Lothair ran down with his insensible sister in his arms. She was saved.
But Nathanael ran round and round the gallery, leaping up in the air and shouting, "Spin round, fire-wheel! Spin round, fire-wheel!" The people heard the wild shouting, and a crowd began to gather. In the midst of them towered the advocate Coppelius, like a giant; he had only just arrived in the town, and had gone straight to the market-place.
Some were going up to overpower and take charge of the madman, but Coppelius laughed and said, "Ha! ha! wait a bit; he'll come down of his own accord;" and he stood gazing upwards along with the rest. All at once Nathanael stopped as if spell-bound; he bent down over the railing, and perceived Coppelius. With a piercing scream, "Ha! foine oyes! foine oyes!" he leapt over.

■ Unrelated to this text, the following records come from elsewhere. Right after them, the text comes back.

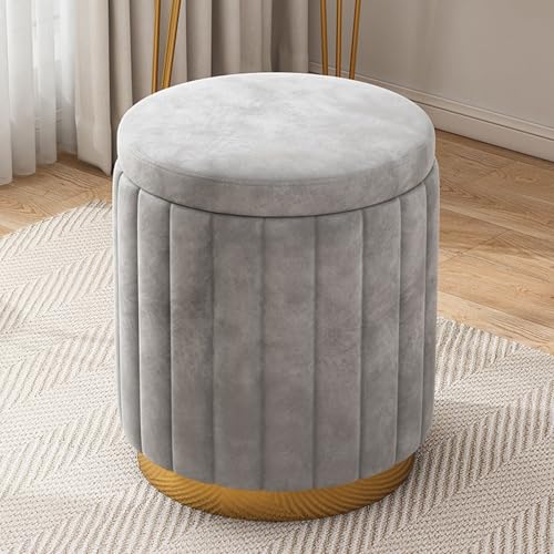 MEILISHAOMEI Round Velvet Storage Ottoman,Upholstered Soft Foot Rest Stool With Gold Base,Large Capacity Vanity Stool Chair For Living Room Bedroom-Grey 34x34x45cm(13x13x18inch)
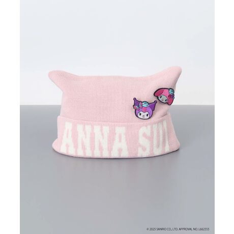ニット本体にジャカードで入ったANNA SUIのロゴと、ネコ耳になる可愛らしいシルエットがポイントです。
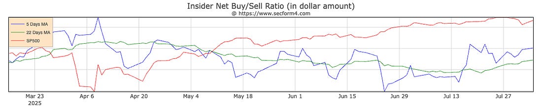 I want to say hello to many new subscribers and readers. I was very fortunate to join The Compound with Josh Brown yesterday. And some new faces have joined us. If you’re new… welcome. This is the Capital Wave Report - the market publication of The Money Printer Substack. Me and the Money Printer - which is a bit more off the wall - comes out later in the day… today’s subject will be… the No. 1 Financial Headline of 2025. But… this letter is designed to sniff out liquidity and credit events, track insider buying activity, and avoid sharp downturns. It comes out every morning around 8:15. Think of it as a Morning Surf report providing up-to-the-minute conditions… This letter has allowed us to stay safely ahead of the things most people in the media can’t see… and we’ve successfully stayed out in front of the COVID crash, the GILT Crisis, the SVB Crisis, the Nikkei crash… and the trade slump in April. What we’re looking for… is this pattern. It can save and make you a lot of money… As I said yesterday, the story of the world is told through the markets… Good morning: Last Wednesday, I led an education session on Tesla stock trading, walking through the mathematics behind the Fed-driven selloff. All of a sudden, the Russell 2000 took a serious bath - reminding us that it only takes one simple policy statement to unwind countless positions and send retail and institutions into a tizzy. Selling pressure in the Russell 2000 accelerated - with lots of stocks dropping more than 5% in a very short period (measured over a few days with specific coefficients) - and a lack of buying pressure to match… implying little rotation at the time. Our Russell 2000 signal turned Red on Thursday morning. And we remain under pressure despite yesterday’s little pop. The Russell has since pushed back to 220 and will now look to retest its 20-day EMA. (It’s technically Yellow, but the MFI is just 41.5). Meanwhile, the S&P 500 is dancing back above its 20-day EMA… all while insider buying-to-selling in total dollars didn’t breakout. The blue line below - the most important in all of finance - is the five-day moving average of buying to selling in dollars. The higher it goes, the more bullish it is. You’ll notice that it peaked out around April 8, right when President Trump called off Liberation Day. This had followed the previous week’s decision by the Fed to reduce its Quantitative Tightening pace from $25 billion per month to $5 billion. At the same time, it continued to conduct a large number of rollovers on existing liabilities. Anyway… the insiders bought the bottom… just like they have at the bottom of every major crisis dating back to 2008. See those spikes? They all aligned with a massive policy accommodation by a central bank to stabilize the system… What’s The Outlook Here?The Federal Reserve is tilting dovish after soft U.S. jobs data. Rate‑cut odds for September have surged toward 90%, setting the stage for short-term stability in equities and bonds over the next few weeks... I feel as though this market could simply go sideways until we get meaningful data in the coming weeks. All a lead-up to Jackson Hole event... However, the narrative’s starting to get bearish again. I’m not doing anything until I see some direction here on our signals. I wouldn’t short the S&P 500 until… The FNGD breaks above its 20-day and 50-day moving average… just saying… That’s where it’s clear that deleveraging is happening… and that’s where the worst of it comes… and fast… I know a lot of people watch the VIX. That said, Evercore has now warned of a 7% to 15% correction. They cited… wait for it… stretched VALUATIONS… This always makes me snicker. That sort of drawdown would likely come from a drain of liquidity from the system, deleveraging, or interest rates rising and impacting collateral quality. And a 15% move down will likely be met with some sort of accommodative policy… That means… BRRRRRRRRR. I don’t pay attention to valuations at the S&P 500 level very much anymore… I just pay attention to how much freaking capital is sloshing around… and the Repo market… and whether or not some bank in Japan is about to blow up… any day now. And what incentives are created by a financial system where:
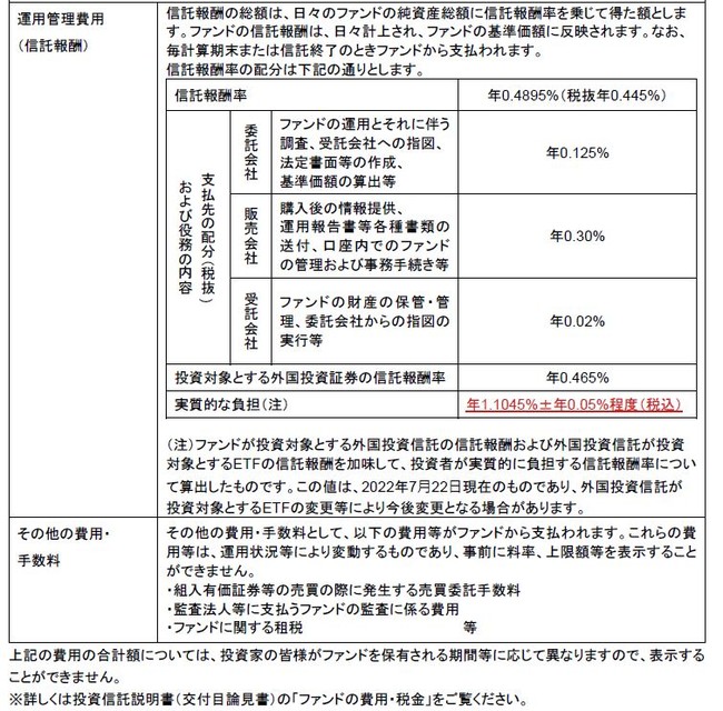 基準価額に0.3%以内の率を乗じて得た額(2022年7月22日現在0.0%)
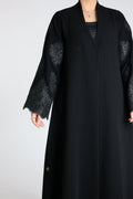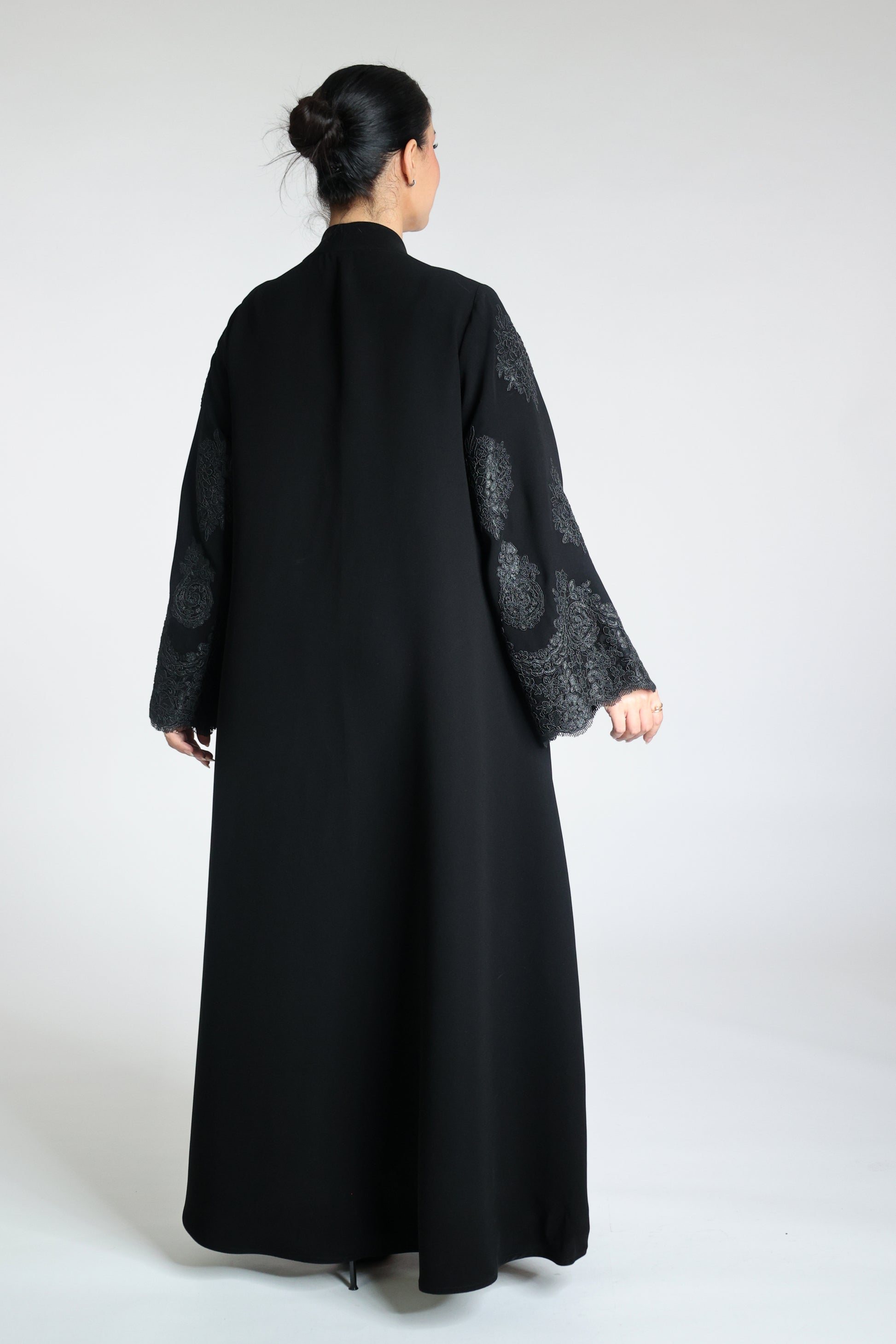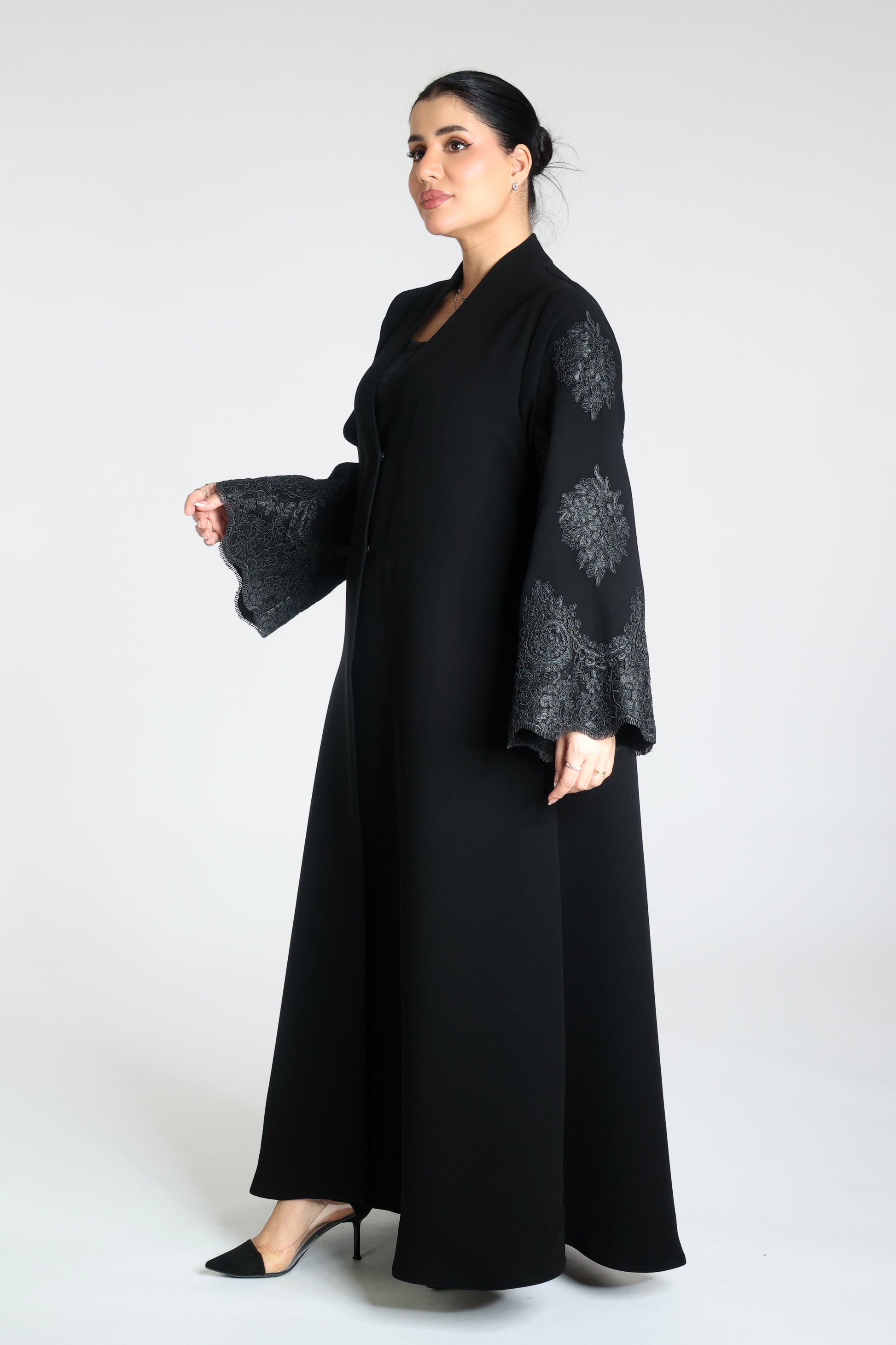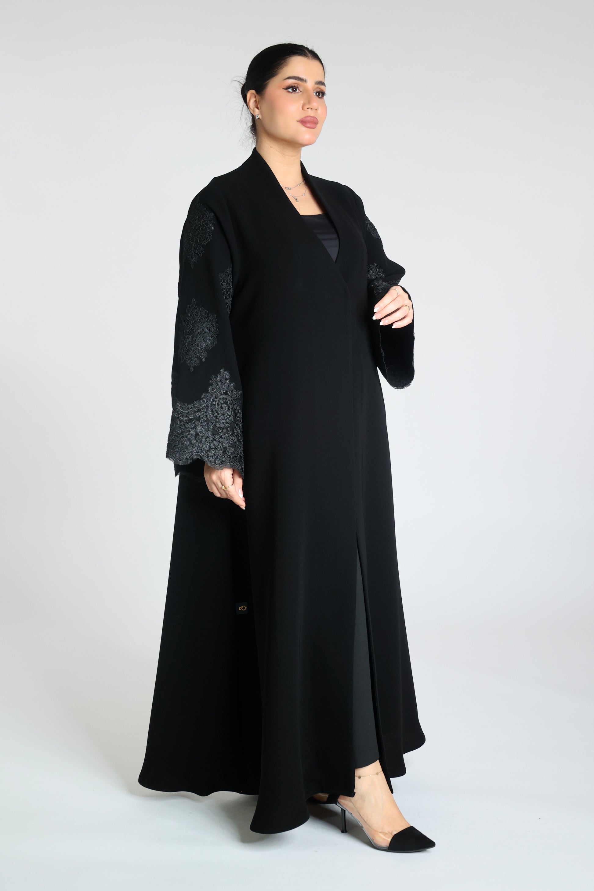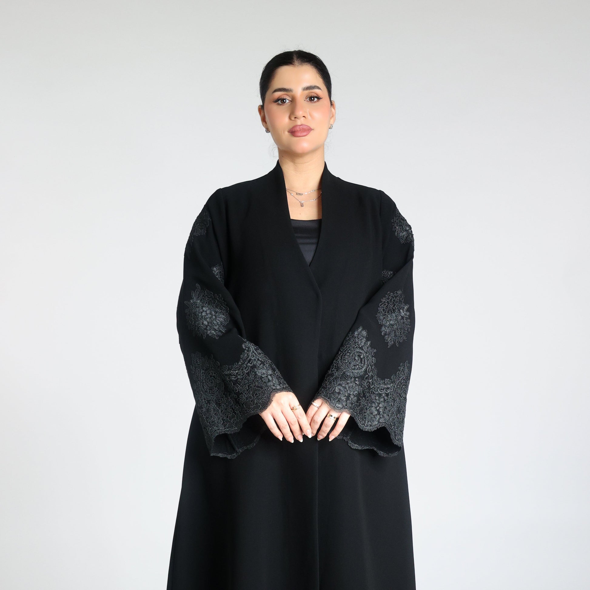 Abaya made of special Rolex fabric with French lace and handwork on the sleeves.

When Nathanael lay on the stone pavement with a broken head, Coppelius had disappeared in the crush and confusion.
Several years afterwards it was reported that, outside the door of a pretty country house in a remote district, Clara had been seen sitting hand in hand with a pleasant gentleman, whilst two bright boys were playing at her feet. From this it may be concluded that she eventually found that quiet domestic happiness which her cheerful, blithesome character required, and which Nathanael, with his tempest-tossed soul, could never have been able to give her.
FOOTNOTES TO "THE SAND-MAN":
[Footnote 1: "The Sand-man" forms the first of a series of tales called "The Night-pieces," and was published in 1817.]

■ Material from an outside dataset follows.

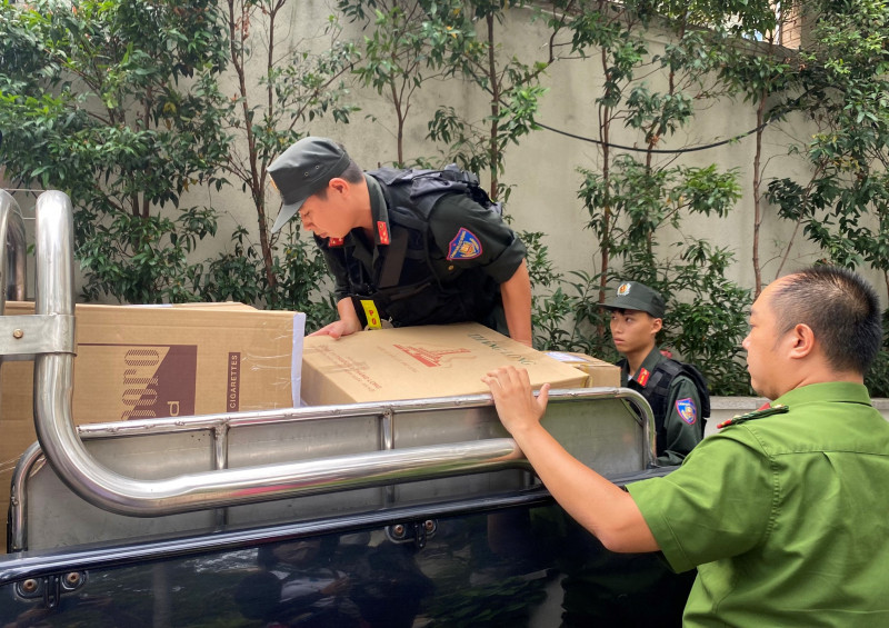 Chiều 19/7, hàng chục thùng giấy cỡ lớn và két sắt đã được Cảnh sát dán niêm phong, vận chuyển từ trong nhà bà Nguyễn Thị Như Loan ra ngoài chuyển lên xe chuyên dụng chở đi.
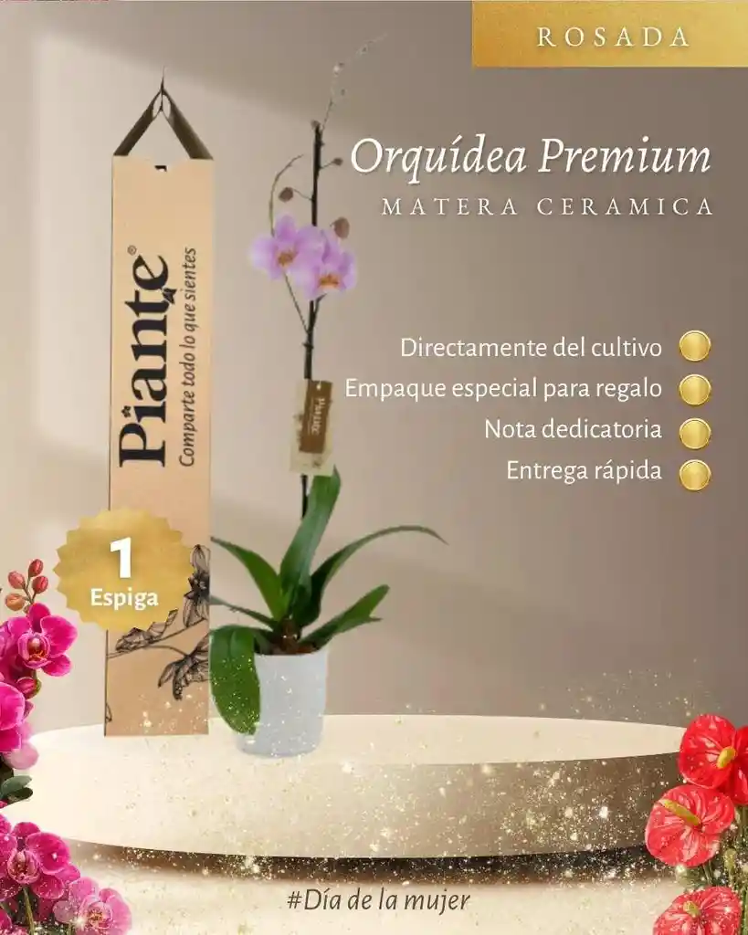 Dale un toque especial a cualquier espacio con nuestra Orquídea Premium, una planta elegante, delicada y perfecta para decorar salas, oficinas, escritorios o sorprender con un regalo lleno de vida. 💐 Flores exóticas y sofisticadas. 🌿 Tamaño ideal para cualquier ambiente. ✨ Seleccionadas cuidadosamente para garantizar frescura y excelente presentación. El color puede variar según el estado de floración, haciendo que cada planta sea única. Podrás recibir tonalidades blancas, rosadas, fucsias, amarillas o combinaciones naturales, según disponibilidad y proceso natural de la flor. 📸 La fotografía es imagen de referencia. El color puede variar según disponibilidad y etapa de floración. 🌺 Un detalle hermoso, natural y lleno de elegancia.

[Footnote 2: See Schiller's _Rauber_ Act V., Scene 1. Franz Moor, seeing that the failure of all his villainous schemes is inevitable, and that his own ruin is close upon him, is at length overwhelmed with the madness of despair, and unburdens the terrors of his conscience to the old servant Daniel, bidding him laugh him to scorn.]
[Footnote 3: Lazaro Spallanzani, a celebrated anatomist and naturalist (1729-1799), filled for several years the chair of Natural History at Pavia, and travelled extensively for scientific purposes in Italy, Turkey, Sicily, Switzerland, &c.]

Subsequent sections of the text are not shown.